26. Hukuk Genel Kurulunda yapılan görüşmeler sırasında; davalı okul müdürü hakkında beraat kararı verildiği, mahkûmiyet hükmü verilmiş olsaydı hukuk davasında önem arz edeceği, bu nedenle ceza dosyasının sonucunun bekletici mesele yapılmasına gerek olmadığı gerekçesi ile direnme kararının onanması gerektiği ileri sürülmüş ise de, bu görüş Kurul çoğunluğunca benimsenmemiştir.
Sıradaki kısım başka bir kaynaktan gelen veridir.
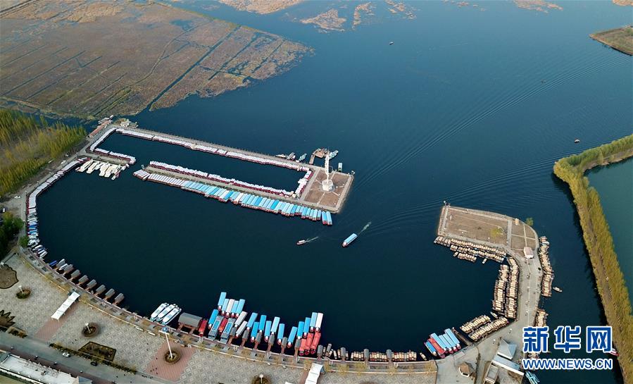游船在白洋淀旅游碼頭內(nèi)行駛(4月10日無(wú)人機(jī)拍攝)。新華社記者牟宇攝

27. Hâl böyle olunca; tarafların karşılıklı iddia ve savunmalarına, dosyadaki belge ve delillere, bozma kararında açıklanan gerektirici nedenlere göre Hukuk Genel Kurulunca da benimsenen Özel Daire bozma kararına uyulması gerekirken, önceki kararda direnilmesi usul ve yasaya aykırıdır.
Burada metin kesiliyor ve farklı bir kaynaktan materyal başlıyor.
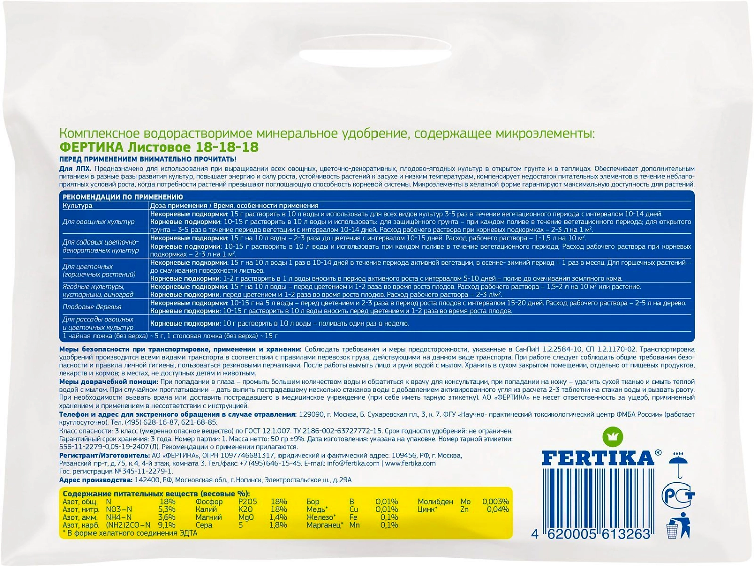 Полностью водорастворимое комплексное удобрение (NPK 18:18:18 + 1,4 MgO+МИКРОЭЛЕМЕНТЫ). Предназначено для использования при выращивании всех овощных, цветочно-декоративных, плодово-ягодных культур в открытом грунте и в теплицах. Микроэлементы.
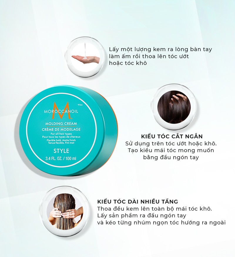 Kem tạo nếp tóc Moroccanoil Molding Cream định hình kiểu tóc dễ dàng, giúp tạo hiệu quả bóng mờ cho mái tóc óng ả đầy sức sống hơn. Để sử dụng hiệu quả kem tạo nếp cần thực hiện đầy đủ các bước sau:

28. Bu nedenle direnme kararı bozulmalıdır.
IV. SONUÇ:
Açıklanan nedenlerle;
Davacı vekilinin temyiz itirazlarının kabulü ile direnme kararının Özel Daire bozma kararında gösterilen nedenlerden dolayı, 6217 sayılı Kanun’un 30. maddesi ile 6100 sayılı Hukuk Muhakemeleri Kanunu’na eklenen “Geçici Madde 3” atfıyla uygulanmakta olan 1086 sayılı Hukuk Usulü Muhakemeleri Kanunu’nun 429. maddesi gereğince BOZULMASINA,
Aynı Kanun’un 440. maddesi uyarınca kararın tebliğ tarihinden itibaren on beş gün içerisinde karar düzeltme yolu açık olmak üzere, 15.02.2022 tarihinde oy çokluğu ile karar verildi.